The restaurant’s  bright, open dining room is filled with spacious booths and dining tables that leave plenty of room between them so you and your company can eat and talk in private. Jazz from the 1940s coos softly in the background, and the level of  noise from the bar and dining room is low, making Oceanaire a comfortable place for business or dining with a date or friends.

Within a moment of my sister, Laurie, and I being seated, our busboy, Saul, brought us water and a dish of pickled herring, carrots, kosher pickles, and black olives, reminding us of South Florida’s famed Ronnie’s and Wolfie’s  delicatessens. Following on Saul’s heels was our server, Antonio. After hearing about my tastes in wine, he helped me select a magnificent glass of Sauvignon Blanc called Wairu River.

Within a couple of minutes Antonio brought our amuse bouche—crostini with marinated onions laced with a balsamic reduction.  It did nothing for me, but Laurie liked it. I ordered the roasted corn and smoked salmon fritters appetizer. I was expecting a version of a crispy crab cake, but the inside tasted like a salmon spread. Laurie liked it more than I, but we both agreed that neither of us would order it again. While she enjoyed her spinach salad, which featured a tangy vinaigrette with bacon, I ate sourdough bread with yummy, creamy unsalted butter.
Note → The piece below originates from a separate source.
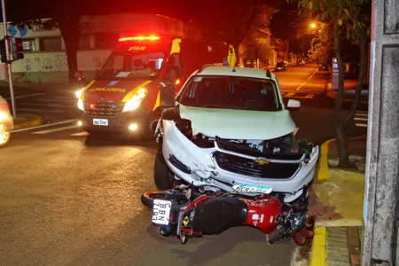 Um carro e uma moto colidiram na noite desta terça-feira (14) na esquina das ruas Miguel Simião e Nagib Daher, no centro de Apucarana. Uma mulher ficou ferida e foi encaminhada ao hospital. O cruzamento recebeu, há menos de uma semana, um novo semáforo.
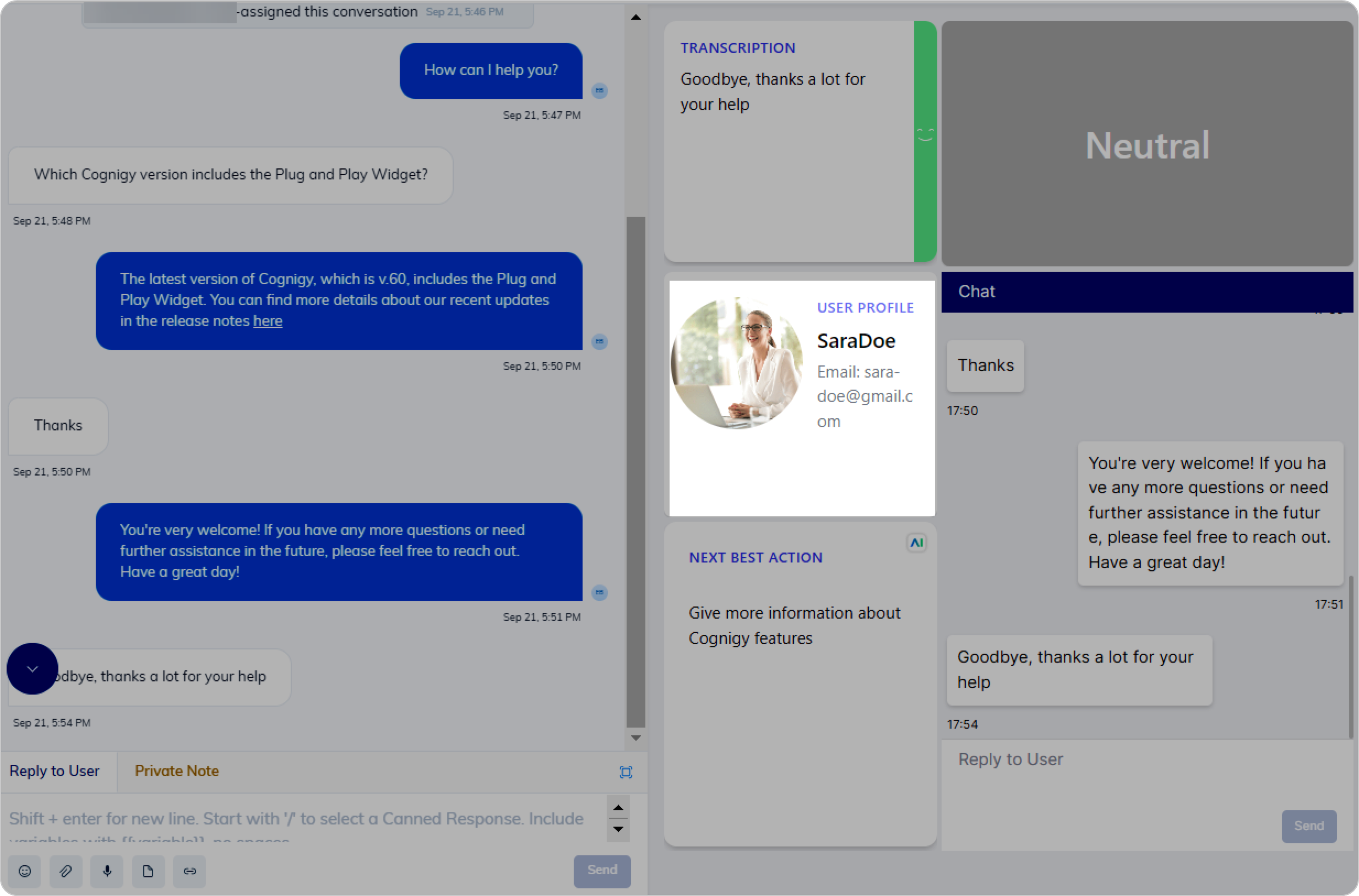 Displaying the userโs profile picture adds a human touch to the conversation, making it more engaging and personal. One way to enhance the conversation further is by showing key customer data, such as their name, account information, or preferences, directly within the chat conversation. This allows human agents to have contextually relevant discussions without the need to search for customer data in multiple tools.

We both ordered fish from the selections that had arrived that day. When Laurie ordered the Georgia trout picatta I figured I’d just have a bite. Georgia trout sounds mundane, but this was anything but that. Lightly cooked, the trout lay on a picatta sauce with capers and was so delectable—reminiscent of Dover sole– I ate half of it, and drowned it in the sauce. While I’m generally not a fan of buttery sauces, this was more savory than rich.
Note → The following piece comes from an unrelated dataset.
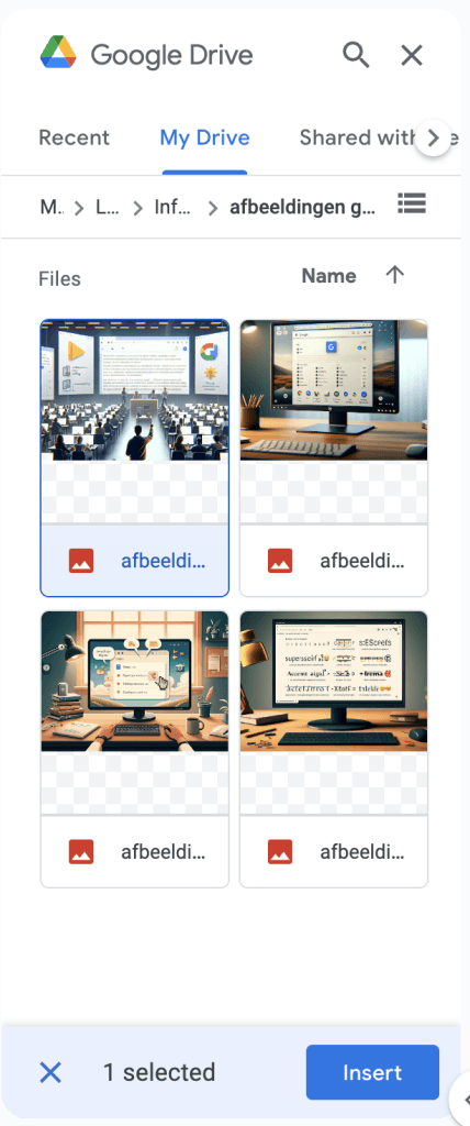 - Maak in je drive – documenten een nieuwe map met de naam Afbeeldingen gebruiken.

My ahi tuna rubbed in fresh ground pepper was cooked perfectly, barely seared on the outside, rare on the inside, and drizzled with an almost imperceptible wasabi cream sauce.  I split the dish with my sister.  While we both normally favor tuna, we thought the trout was better. Still, they were both so good that even though Oceanaire serves ample portions,  I could have eaten both entrées in their entirety.

But not everything was wonderful. Neither Laurie nor I liked the cole slaw. It was finely chopped, and mixed with vinegar and loads of pepper. I am not fond of super sweet coleslaw, but this could have used a sweetener. My thinly sliced French fries were soft on the inside and on the outside. I would have liked them to have cooked for a minute or two longer to get a tad crispy on the outside.

I’m not a big dessert person but tried the sorbet of the day, mango. It had been overly sweetened and could have used a dash of lemon or lime to give it a kick.

The restroom was both nice and disappointing. It featured mouthwash, paper cups, and fluffy cloth hand towels. But even after waiting for a couple of minutes at the sink, ice water poured from the hot water side.

While some improvements need to be made at Oceanaire, the attentive service and fish are impeccable.

The Oceanaire Seafood Room is located in Atlanta on Peachtree Street at the corner of 15th Street.